Converging Territories is pilot-project for architects’ mobility in Europe. In the framework of a residence, the applicants were invited to develop proposals, linked to a specific territorial or spatial situation, located in one of the three cities involved: Dublin, Paris and Prague.
The current economic crisis bequeathed to Dublin a legacy of half finished projects, undeveloped lands in inappropriate locations and ghost estates, complete but unoccupied. With the support of the European Forum for Architectural Policies, The Royal Institute of the Architects of Ireland and critic Petar Zaklanovic, the three architects of the WISH-team have spent a good deal of time in Ireland over the past six months looking at what they have come to term Shadowlands – empty spaces, half finished building sites and neighbourhoods. This exhibition is a photographic record of what they found in the greater Dublin area, in particular the edges and hinterland of Dublin.
Accompanying the photographs are reflections by the three architects on these Shadowlands – questions as to what could or should be done with them now, proposals that seek alternative options for dealing with this legacy, and a call for a resetting of the paradigm of development in a way that is more holistic, integrated, flexible, local, intuitive and above all sustainable.
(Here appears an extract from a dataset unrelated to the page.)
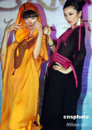 8月10日,第29屆奧運會在北京舉行之際,“突尼斯旅游文化周”在北京舉行,來自“突尼斯的藝術(shù)家、音樂家、舞蹈家、烹飪大師、商業(yè)代表以及政府代表組成的代表團,以音樂節(jié)、美食節(jié)、商務(wù)研討會等多種形式,為中國及各國各界的賓客呈現(xiàn)一個全方位、全視角、多層次、豐富多彩的突尼斯新形象。圖為模特展示突尼斯時裝設(shè)計師創(chuàng)作的服飾作品。中新社發(fā) 錢興強 攝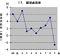 | 都道府県名 | 順 位 | 経済成長率(実質) % (平成9年度) | 都道府県名 | 順 位 | 経済成長率(実質) % (平成9年度) | | 大分 | 1 | 1.9 | 福島 | 23 | -1.8 | | 福井 | 2 | 0.4 | 静岡 | 25 | -1.9 | | 鹿児島 | 3 | -0.1 | 岐阜 | 26 | -2.2 | | 茨城 | 4 | -0.2 | 山口 | 26 | -2.2 | | 宮崎 | 4 | -0.2 | 栃木 | 28 | -2.3 | | 埼玉 | 6 | -0.3 | 奈良 | 28 | -2.3 | | 群馬 | 7 | -0.4 | 広島 | 28 | -2.3 | | 東京 | 7 | -0.4 | 新潟 | 31 | -2.4 | | 福岡 | 7 | -0.4 | 千葉 | 32 | -2.5 | | 全国平均 | | -0.4 | 石川 | 32 | -2.5 | | 長野 | 10 | -0.6 | 高知 | 34 | -2.6 | | 三重 | 10 | -0.6 | 富山 | 35 | -2.7 | | 香川 | 10 | -0.6 | 佐賀 | 36 | -2.8 | | 沖縄 | 10 | -0.6 | 滋賀 | 37 | -3.1 | | 熊本 | 14 | -0.7 | 鳥取 | 37 | -3.1 | | 岩手 | 15 | -0.8 | 兵庫 | 39 | -3.3 | | 徳島 | 15 | -0.8 | 秋田 | 40 | -3.4 | | 島根 | 17 | -0.9 | 長崎 | 40 | -3.4 | | 和歌山 | 18 | -1.0 | 岡山 | 42 | -3.5 | | 宮城 | 19 | -1.1 | 神奈川 | 43 | -3.7 | | 山形 | 19 | -1.1 | 京都 | 43 | -3.7 | | 大阪 | 21 | -1.4 | 青森 | 45 | -4.0 | | 山梨 | 22 | -1.5 | 愛知 | 46 | -4.4 | | 北海道 | 23 | -1.8 | 愛媛 | 47 | -5.1 |

Wish Architects is an association of three young architects based in Paris, gathering to work on urban design, architecture and photography. They began their architectural studies in Nantes and Belgium and have studied and worked in Barcelona, Brussels and Tampere.
M. Debien won Europan 9 on Le Havre harbour site and works as a freelance architect and urbanist.
M. Jansens works as a freelance architect.
S. Morel works as an architecture photographer.